WHAT YOU HAVE TO DO> From the material below, set down exactly the lines that run from the one containing "1、这里是软件的新建图纸部分" to the one containing "こんにちは、いずみ絵画教室で", minus the pictures.

EXERCISE INPUTS>
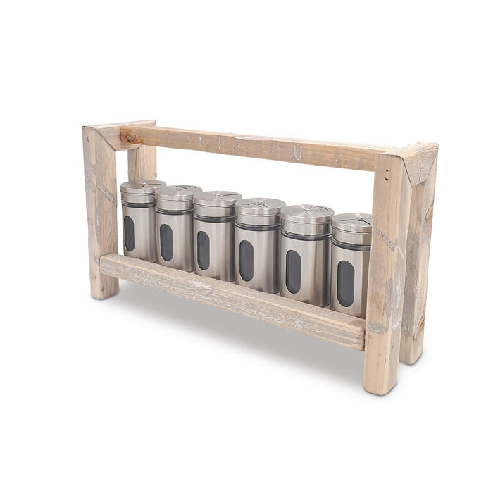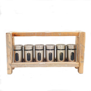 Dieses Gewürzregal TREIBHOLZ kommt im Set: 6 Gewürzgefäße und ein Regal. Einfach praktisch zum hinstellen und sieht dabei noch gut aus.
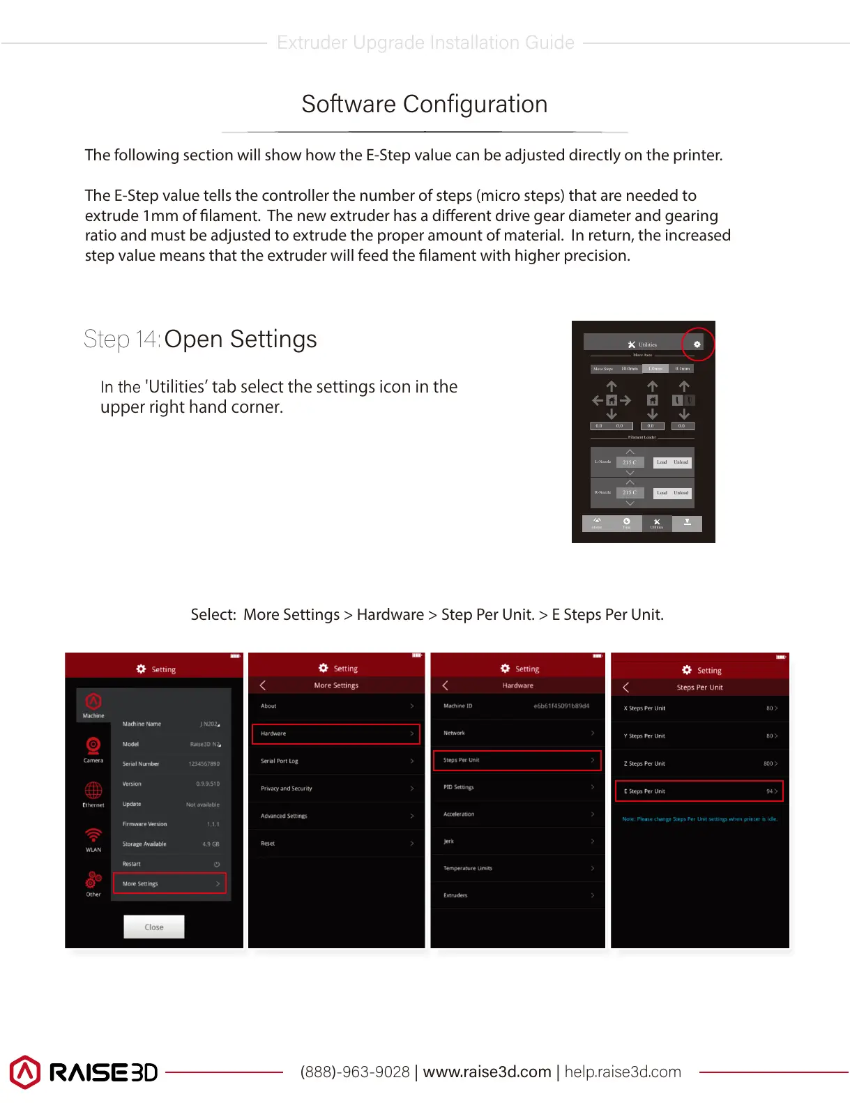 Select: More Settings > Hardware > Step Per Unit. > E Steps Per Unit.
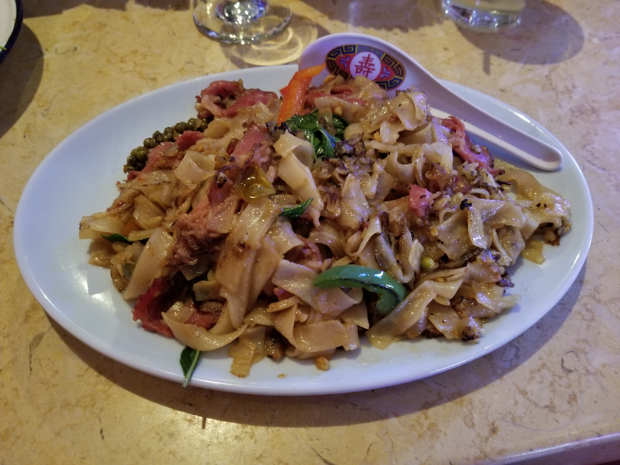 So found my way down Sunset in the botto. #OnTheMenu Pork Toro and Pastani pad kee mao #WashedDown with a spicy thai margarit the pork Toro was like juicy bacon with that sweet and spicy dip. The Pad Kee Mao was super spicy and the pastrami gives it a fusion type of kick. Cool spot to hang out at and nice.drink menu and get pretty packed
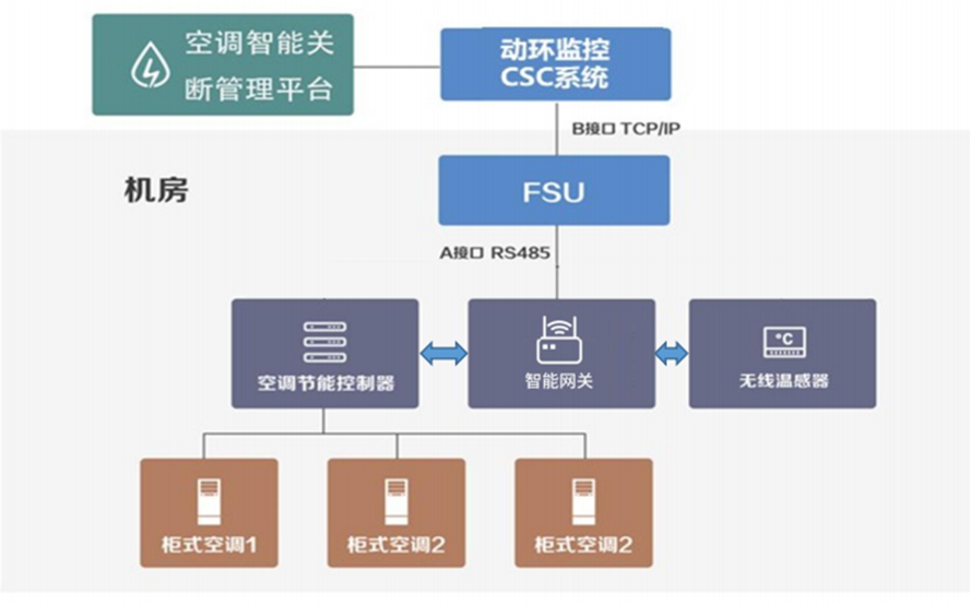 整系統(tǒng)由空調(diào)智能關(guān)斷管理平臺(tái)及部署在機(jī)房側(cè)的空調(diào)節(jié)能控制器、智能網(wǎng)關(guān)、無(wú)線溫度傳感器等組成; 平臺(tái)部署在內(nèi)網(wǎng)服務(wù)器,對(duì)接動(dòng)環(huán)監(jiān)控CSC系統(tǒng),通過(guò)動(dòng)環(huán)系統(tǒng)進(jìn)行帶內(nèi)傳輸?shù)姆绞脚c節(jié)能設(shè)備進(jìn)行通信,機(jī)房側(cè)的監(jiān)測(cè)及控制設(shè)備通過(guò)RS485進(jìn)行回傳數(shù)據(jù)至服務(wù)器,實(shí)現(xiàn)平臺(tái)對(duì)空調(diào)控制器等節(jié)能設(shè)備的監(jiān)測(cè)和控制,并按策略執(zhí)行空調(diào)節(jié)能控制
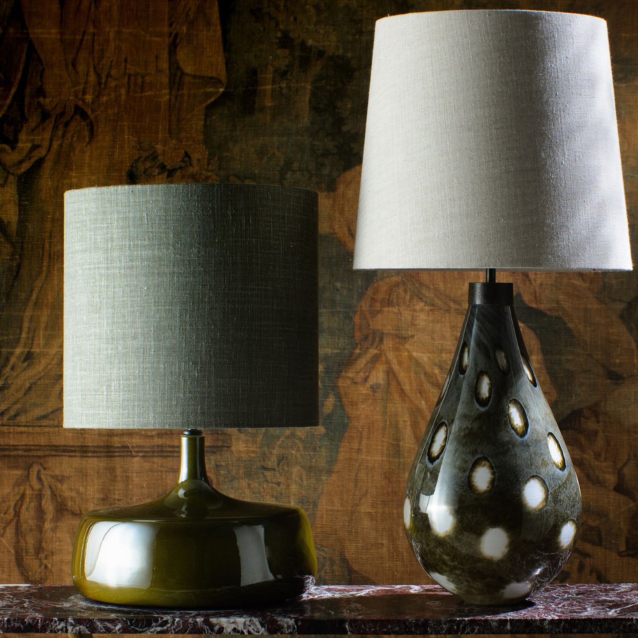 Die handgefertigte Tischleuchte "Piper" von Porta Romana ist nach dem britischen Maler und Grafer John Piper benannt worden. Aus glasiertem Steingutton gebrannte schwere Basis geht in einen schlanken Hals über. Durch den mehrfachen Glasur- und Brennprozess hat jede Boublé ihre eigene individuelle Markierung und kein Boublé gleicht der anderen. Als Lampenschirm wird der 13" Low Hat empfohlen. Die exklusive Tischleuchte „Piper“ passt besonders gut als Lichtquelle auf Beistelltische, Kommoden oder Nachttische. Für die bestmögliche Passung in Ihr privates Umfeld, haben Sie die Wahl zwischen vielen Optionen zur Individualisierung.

* * *

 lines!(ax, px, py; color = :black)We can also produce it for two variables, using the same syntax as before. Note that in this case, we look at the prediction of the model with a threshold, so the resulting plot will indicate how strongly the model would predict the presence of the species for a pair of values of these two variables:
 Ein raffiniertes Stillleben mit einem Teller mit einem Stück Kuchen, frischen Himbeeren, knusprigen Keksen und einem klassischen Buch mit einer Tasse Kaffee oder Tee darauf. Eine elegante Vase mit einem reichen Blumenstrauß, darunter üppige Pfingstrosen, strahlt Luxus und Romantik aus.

...

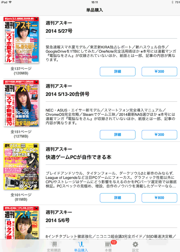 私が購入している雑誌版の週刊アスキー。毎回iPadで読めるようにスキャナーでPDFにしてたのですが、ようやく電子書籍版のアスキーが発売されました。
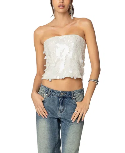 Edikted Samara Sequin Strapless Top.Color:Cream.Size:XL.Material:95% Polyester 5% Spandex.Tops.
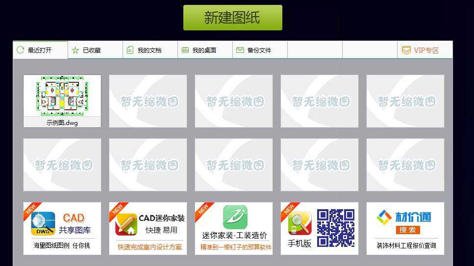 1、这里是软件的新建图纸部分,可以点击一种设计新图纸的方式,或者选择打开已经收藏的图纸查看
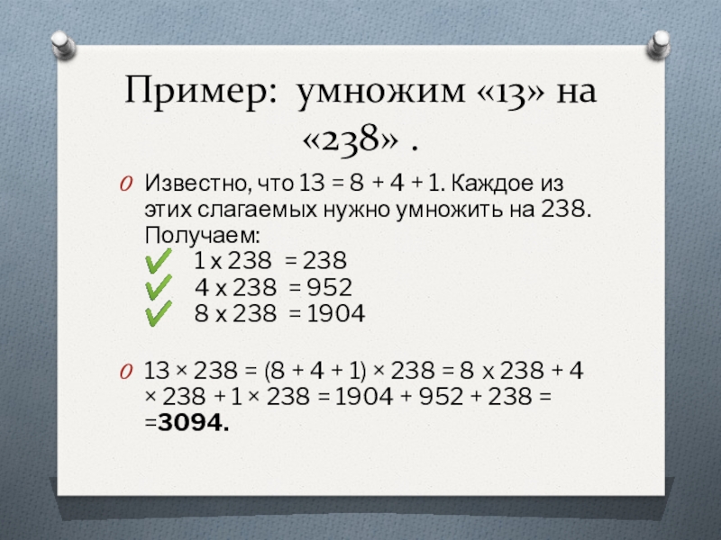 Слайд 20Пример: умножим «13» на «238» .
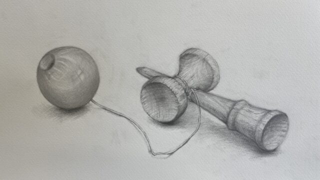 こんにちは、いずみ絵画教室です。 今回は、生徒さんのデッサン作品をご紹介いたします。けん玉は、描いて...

PROBLEM SOLUTION>
 1、这里是软件的新建图纸部分,可以点击一种设计新图纸的方式,或者选择打开已经收藏的图纸查看
 Слайд 20Пример: умножим «13» на «238» .
 こんにちは、いずみ絵画教室です。 今回は、生徒さんのデッサン作品をご紹介いたします。けん玉は、描いて...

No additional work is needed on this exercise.